◆ DATA SECTION
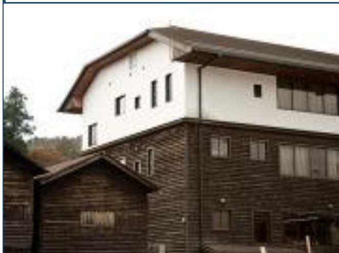
吉野製材工業協同組合事務所
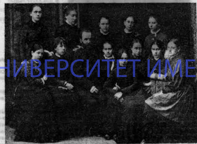
П. Ф. Лесгафт с курсистками первого выпуска (1897 г.).
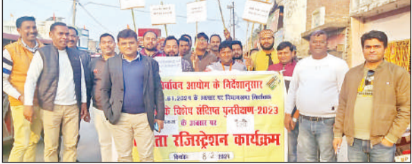
जागरूकता रैली निकालते शिक्षक।

◆ WHAT TO WORK ON
Everything above except the pictures must be restated exactly.

◆ RESPONSE AREA
吉野製材工業協同組合事務所
П. Ф. Лесгафт с курсистками первого выпуска (1897 г.).
जागरूकता रैली निकालते शिक्षक।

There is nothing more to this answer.